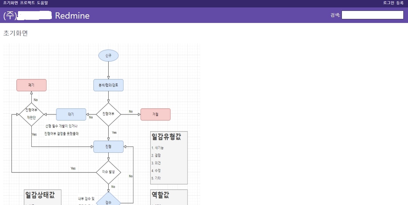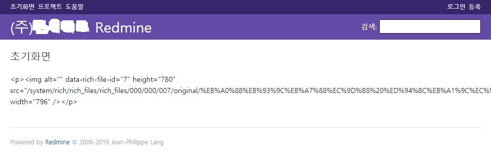 이렇게 하고 난후에 Redmine에 접속을 하면 정상적으로 출력된다.
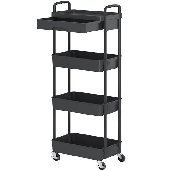 4-Tier Utility Cart With Drawer - BLACK
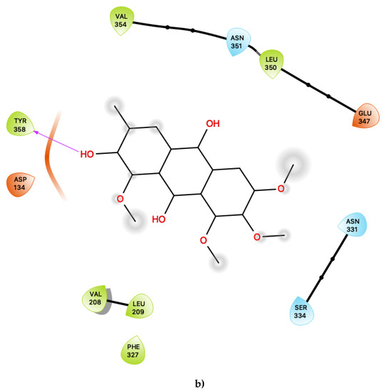 For c29 (Figure 3b), there are likewise 11 residues within 6 Ang of the ligand. Interactions are formed with several aromatic residues. There is a ring-stacking interaction with Phe 327, and a hydrogen bond mediated via the ligand’s hydroxyl group to Tyr 358. This is again supported by a cluster of nonpolar residues: Val 208, Leu 209, Leu 350 and Val 354. Perhaps, most importantly, in addition to the interaction with the known key residue Asp 134, there is also a close contact formed with a second acidic residue, Glu 347. These residues are also predicted for the putative agonists described in the section above.
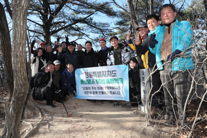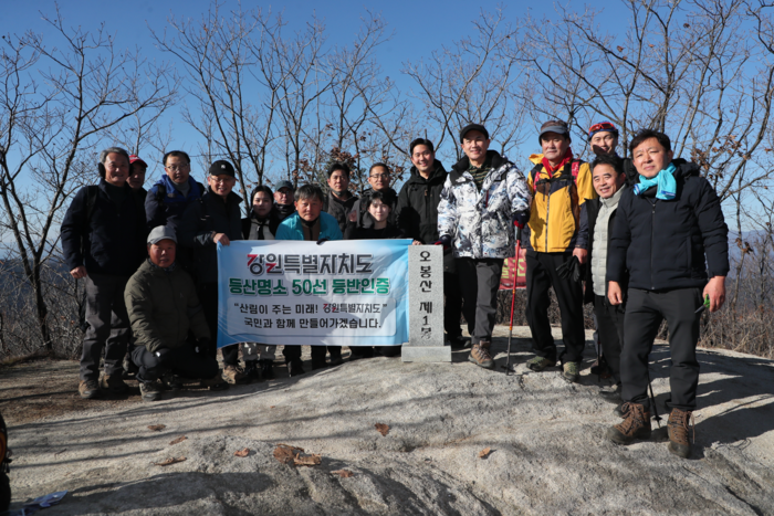 [스포츠서울ㅣ춘천=김기원기자] 김진태 강원특별자치도지사가 지난 25일, 도청 직원들과 함께 최근 선정된 도내 등산 명소 50선 중 한 곳인 춘천 오봉산에 직접 올라 등반 인증을 했다.
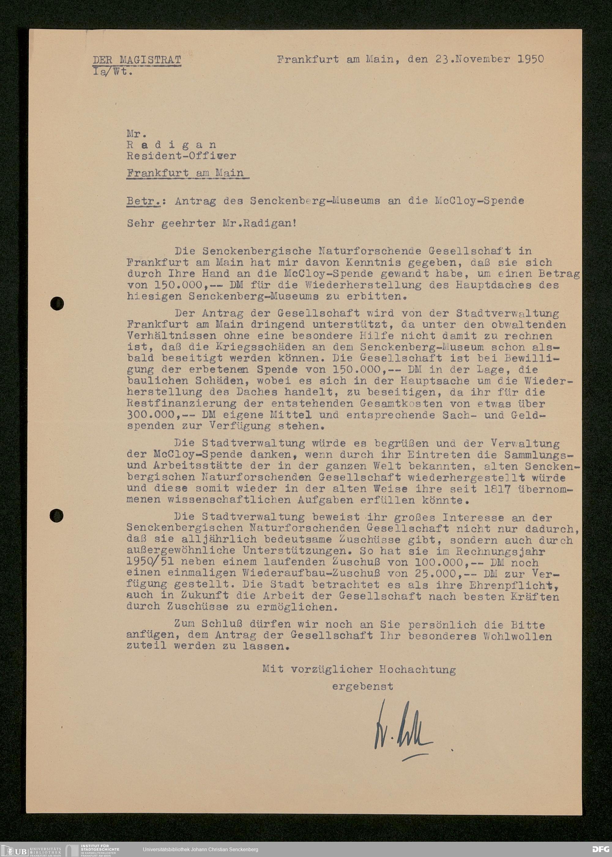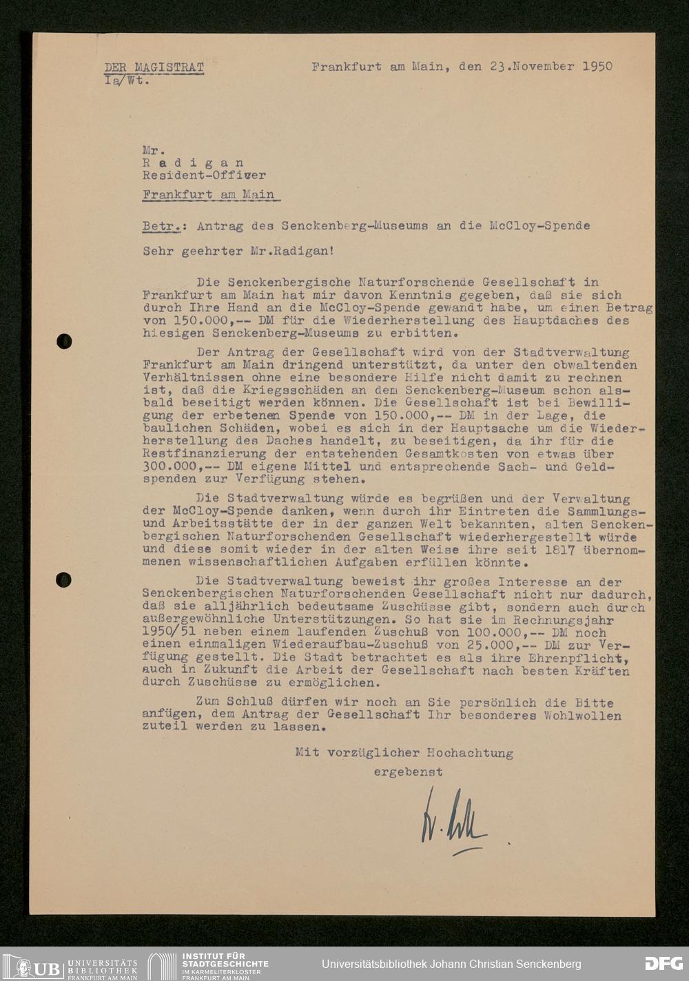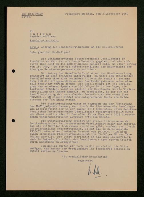 V176 Senckenberg Gesellschaft für Naturforschung, 472 - Antrag auf Unterstützung des Wiederaufbaus des Senckenbergmuseums aus Mitteln des McCloy-Fonds
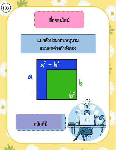 103 สื่อออนไลน์ แยกตัวประกอบพหุนาม แบบผลต่างก าลังสอง คลิกที่นี่

■ ■ ■ ■

All records above must be output exactly as they stand, excluding pictures.

 이렇게 하고 난후에 Redmine에 접속을 하면 정상적으로 출력된다.
 4-Tier Utility Cart With Drawer - BLACK
 For c29 (Figure 3b), there are likewise 11 residues within 6 Ang of the ligand. Interactions are formed with several aromatic residues. There is a ring-stacking interaction with Phe 327, and a hydrogen bond mediated via the ligand’s hydroxyl group to Tyr 358. This is again supported by a cluster of nonpolar residues: Val 208, Leu 209, Leu 350 and Val 354. Perhaps, most importantly, in addition to the interaction with the known key residue Asp 134, there is also a close contact formed with a second acidic residue, Glu 347. These residues are also predicted for the putative agonists described in the section above.
 [스포츠서울ㅣ춘천=김기원기자] 김진태 강원특별자치도지사가 지난 25일, 도청 직원들과 함께 최근 선정된 도내 등산 명소 50선 중 한 곳인 춘천 오봉산에 직접 올라 등반 인증을 했다.
 V176 Senckenberg Gesellschaft für Naturforschung, 472 - Antrag auf Unterstützung des Wiederaufbaus des Senckenbergmuseums aus Mitteln des McCloy-Fonds
 103 สื่อออนไลน์ แยกตัวประกอบพหุนาม แบบผลต่างก าลังสอง คลิกที่นี่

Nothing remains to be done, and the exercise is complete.